Fused DeltaNet Safety Update (Superseding)

Date: 2026-02-08

This section supersedes the earlier LLAMA_QWEN3NEXT_FUSED_DELTA mode mapping.

Updated env behavior in src/llama-build-context.cpp:

  • 0 / unset: non-fused for all token counts
  • 1: fused only for n_tok > 1 (prefill/chunking), non-fused for single-token decode
  • 2: fused for all token counts (experimental)

Reason:

  • Fused path has a known decode-path quality regression when forced on single-token steps.
  • The safer default acceleration is therefore prefill-only fused mode (=1).
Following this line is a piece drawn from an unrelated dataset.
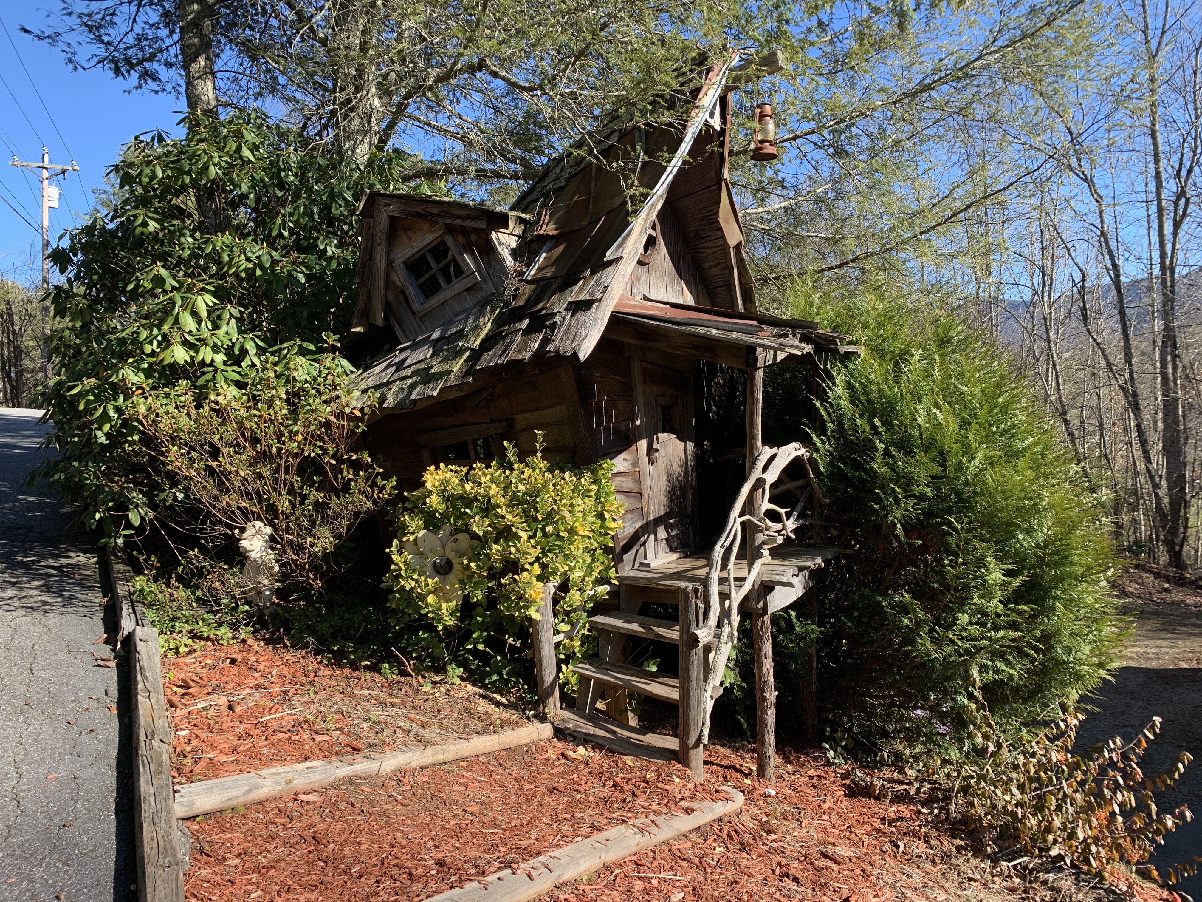 I remembered this place off the main road that we always passed by going to and from the cabin. I would always say “we have to stop there and check it out” every time we passed it. I’m glad we waited until now to finally visit because we wouldn’t have appreciated it as much as we did this day. The place is called Sleepy Hollow and the artist creates beautiful hand made whimsical fairy and hobbit style houses from small birdhouse size houses to large treehouse size playhouses.

Validation (CUDA, qwen3-next-coder.gguf, -c 2048 -b 1 -ub 1 -fa on -ngl 47 --n-cpu-moe 40 --chunks 1 --no-warmup):

Mode PPL
LLAMA_QWEN3NEXT_FUSED_DELTA=0 3.9148 +/- 0.31093
LLAMA_QWEN3NEXT_FUSED_DELTA=1 3.9148 +/- 0.31093
LLAMA_QWEN3NEXT_FUSED_DELTA=2 6.1277 +/- 0.54810

Quick throughput check (-p 8192 -n 128 -b 2048 -ub 512 -r 1 -rtr 1, same CUDA settings):

Mode PP 8192 (tok/s) TG 128 (tok/s)
0 179.30 24.69
1 252.12 22.99
2 245.71 27.94

Interpretation:

  • Use =1 for production-safe quality with strong PP gain.
  • Reserve =2 for experiments only until decode-path correctness is fixed.